2. Cost: The path to cost-down for high performing systems is a tough road
Of all of the industry-relevant objective analyses on battery pack pricing, we find the Advanced Automotive Batteries group, led by Mennahem Anderman, to be the most detailed and credible. In reading through this carefully-researched content, with input from 16 major battery producers and over 20 automotive producers, it becomes clear that the future pricing of Li-ion battery packs is not as optimistic as the values quoted by many battery manufacturers.
According to AAB's 2010 report, the projected average cell pricing in 2020 is about $325/kWh for long range EV's (and much higher for high power cells), and that the pack-level balance of systems will take the total pricing of the units to above $400/kWh. Assembling Li-ion into reliable high voltage strings can result in higher costs for both safety and reliability issues. Specifically this chemistry requires sub-string level battery management electronics to keep the string constituents working properly in concert. Cell degradation is also known to be very thermally sensitive, so significant thermal management is also required to keep all cells within a large pack in a similar thermal environment.
3. Cost/Performance: Cheap Li-ion alternatives fall short on performance
Less expensive Li-ion batteries do not have good cycle life or thermal performance.
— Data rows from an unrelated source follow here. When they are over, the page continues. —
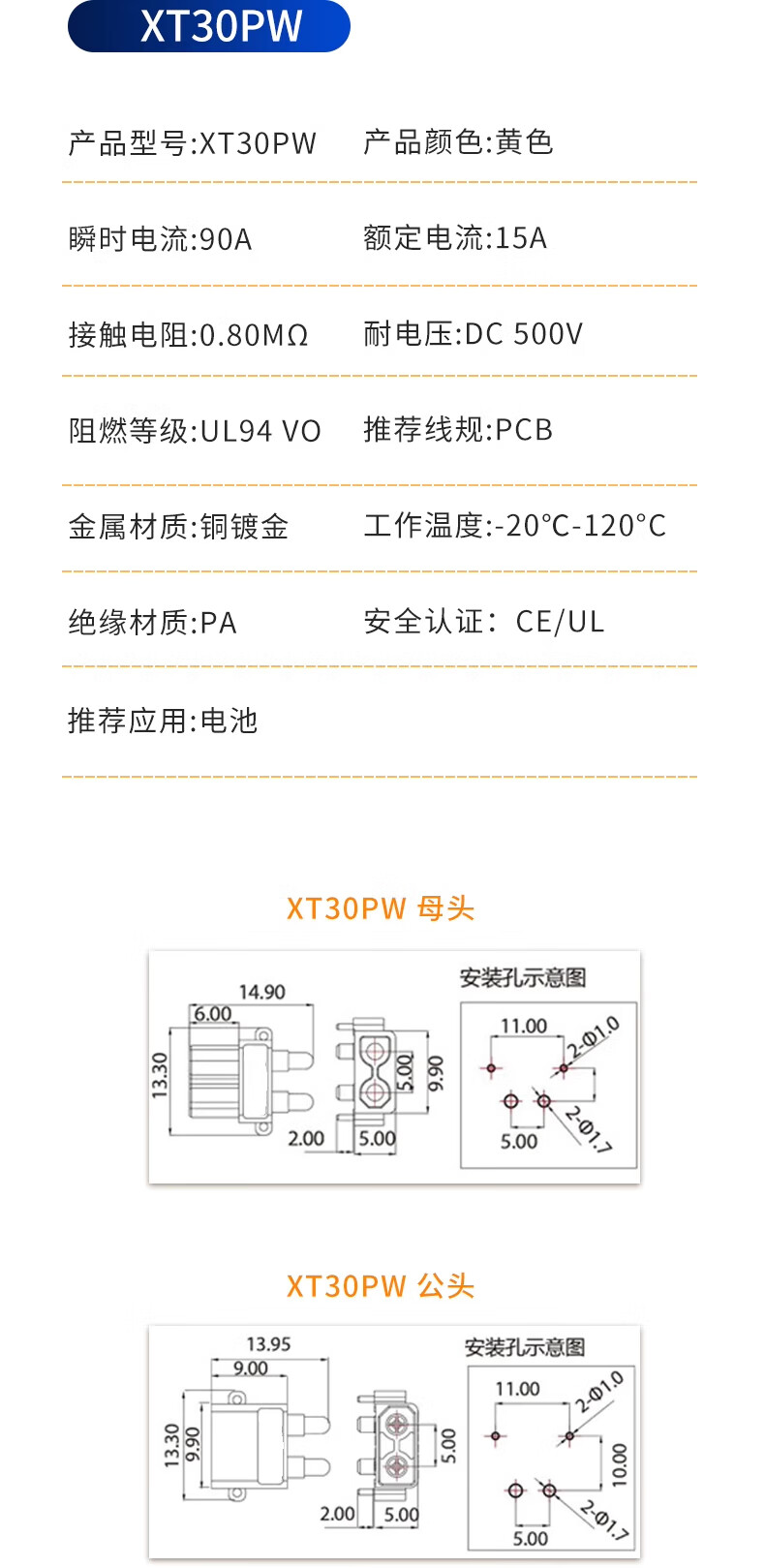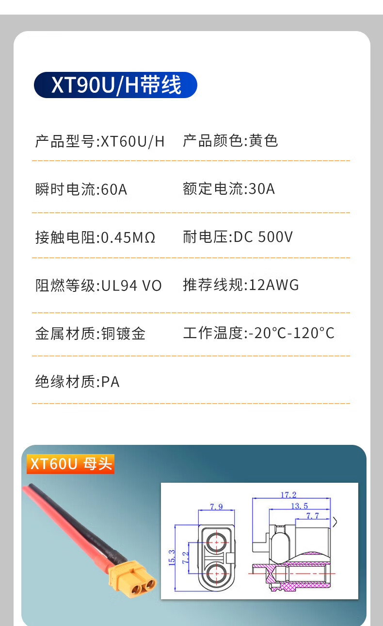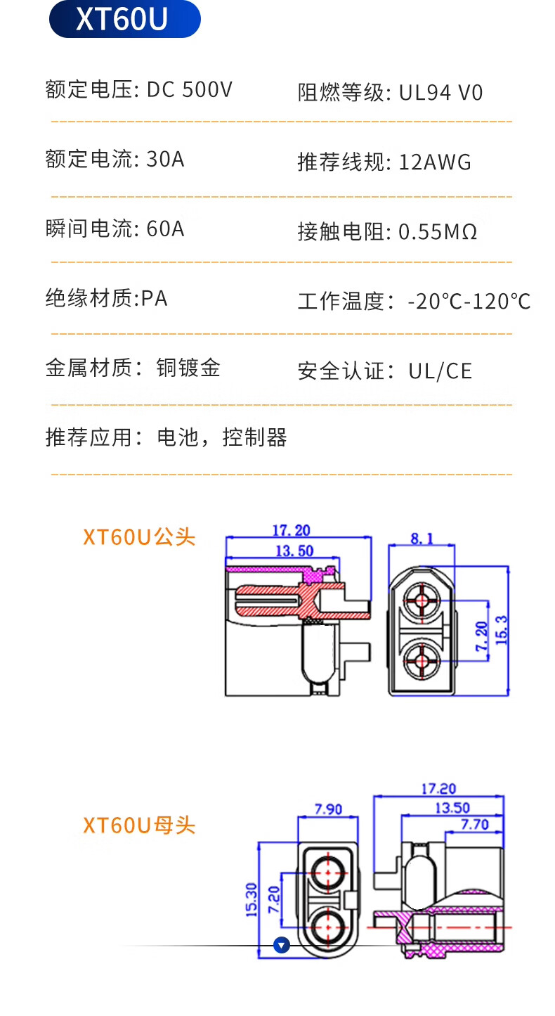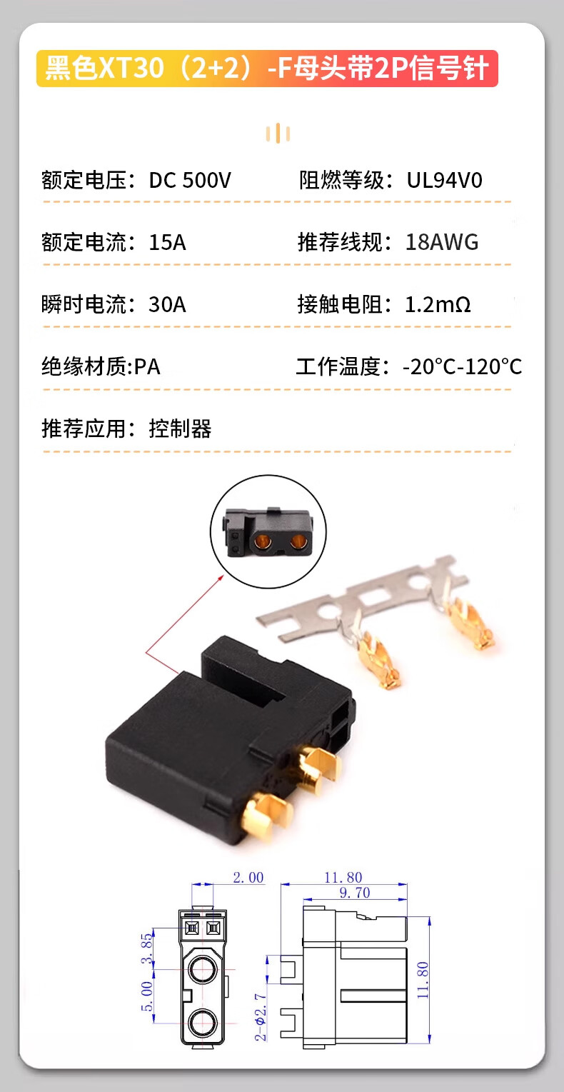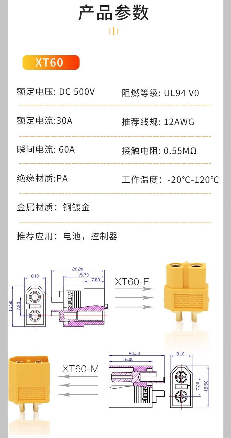 MR30/XT60 plug male and female XT30 XT90U XT60H butt connector high current model aircraft connector XT60H male/female set (with sheath)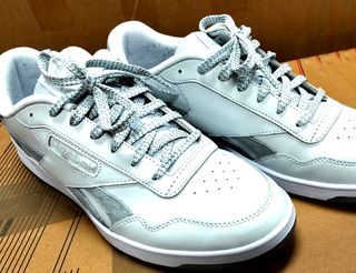 Zapatillas deportivas Reebok de piel. - Diseño moderno y cómodo. Elegantes - Combinación de colores gris y blanco.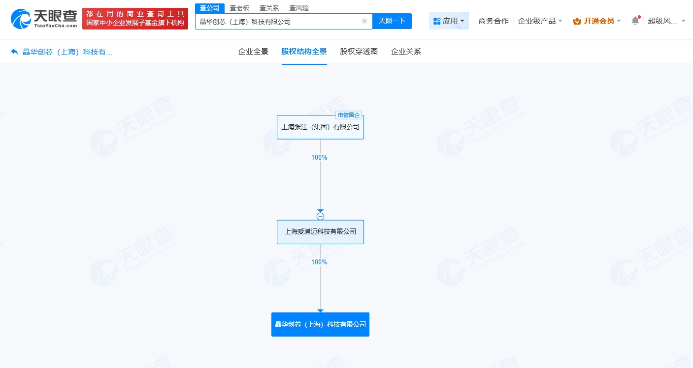 天眼查App显示,近日,晶华创芯(上海)科技有限公司成立,法定代表人为姜克,注册资本1亿人民币,经营范围包括电子元器件制造、半导体器件专用设备制造、仪器仪表制造、电子测量仪器制造等。股权全景穿透图显示,该公司由张江集团旗下上海爱浦迈科技有限公司全资持股。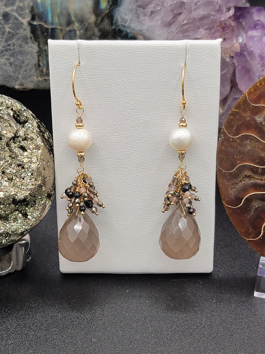 14K Gold-Filled Smokey Quartz, Black Spinel, Pearl, Black tourmaline, Pyrite & Chocolate Moonstone Earrings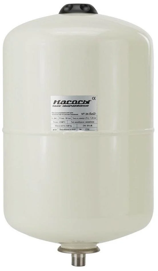 Розширювальний бак Насоси+ VT24 Solar призначений для компенсації збільшення об'єму теплоносія та стабілізації тиску в геліосистемах та системах опалення. Об'єм бака становить 24 літри, що дозволяє ефективно поглинати надлишковий тиск, запобігаючи пошкодженню системи. Максимальний робочий тиск бака досягає 1,0 МПа (10 бар).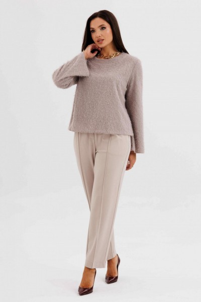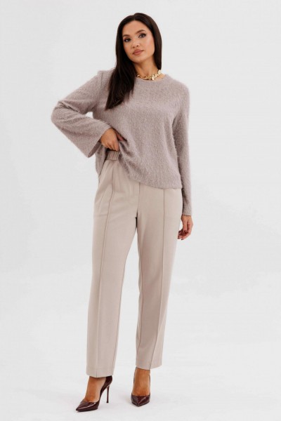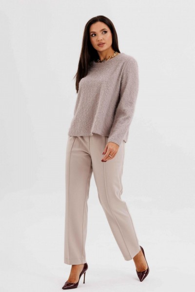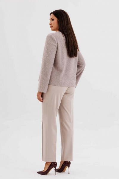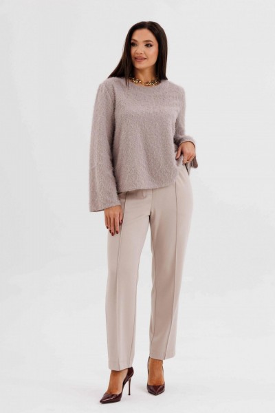 Блуза выполнена из нежного трикотажа с лёгким ворсом — материал красиво драпируется и придаёт образу уют. Брюки классического кроя с высокой посадкой и застроченными стрелками визуально вытягивают силуэт и создают безупречную посадку.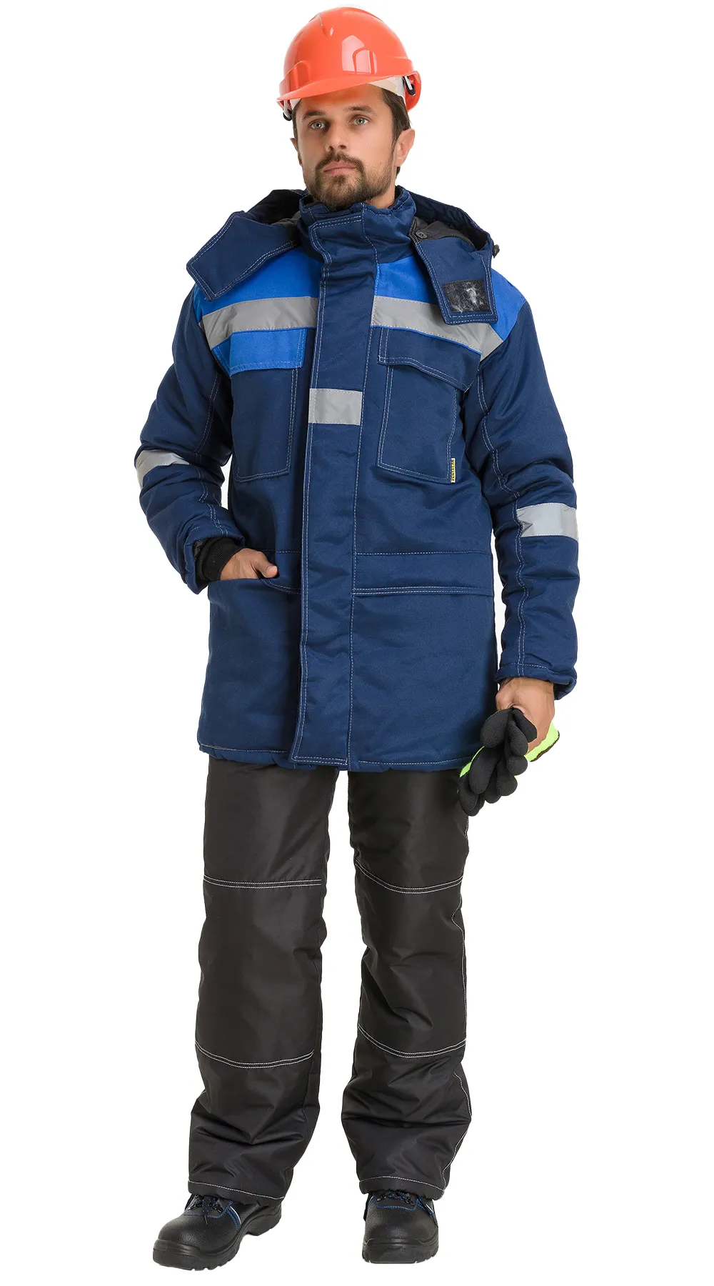 Удлиненная куртка с центральной застежкой на двухзамковую молнию и ветрозащитной планкой на пуговицах. Накладные карманы с клапанами на пуговицах. Рукава куртки с внутренними трикотажными манжетами для дополнительной теплозащиты. Утепленный капюшон, регулируемый по объему и воротник, отделанный флисом с внутренней стороны. Светоотражающие полосы на рукавах, по линии груди и спины. По линии талии куртки кулиса, регулируется резинкой-шнуром с фиксаторами. Цвет изделия —темно-синий с васильком. Куртка выполнена из прочной смесовой ткани с водоотталкивающими свойствами.Цвет: темно-синий с васильковой отделкой.

Multiple Li-ion manufacturers offer a low-cost alternative to automotive-specific cells, however these higher energy cells also have inherent cycle life limitations because they have thicker electrode structures. In general, those Li-ion batteries that exhibit excellent cycle life and temperature performance have thin electrode structures and costly electrolyte blends, raising the price per unit energy of the cells significantly.
The reality is that the excellent cycle life observed in thin electrode Li-ion cells with optimal electrolyte blends, costing well over $500/kWh, cannot be mapped directly to lower-priced alternatives optimized for energy content.
An interesting example is the Tesla battery electric vehicle battery pack strategy, where large format battery packs are made from low cost high energy “18650” cells.
It is an excellent choice for this application, since these batteries that are only actually deeply cycled hundreds of times, not even thousands of times; most drivers will use under 50 miles of driving a day, which is a fraction of the total range/capacity of the pack. These daily shallow cycles are better for this chemistry since the full capacity of the battery is rarely exercised. According to the spec sheet for the batteries used by Tesla, significant capacity is lost after only 500 deep cycles. This would not be acceptable for high energy, long duration stationary applications, where the battery installations will be very deeply cycled every day.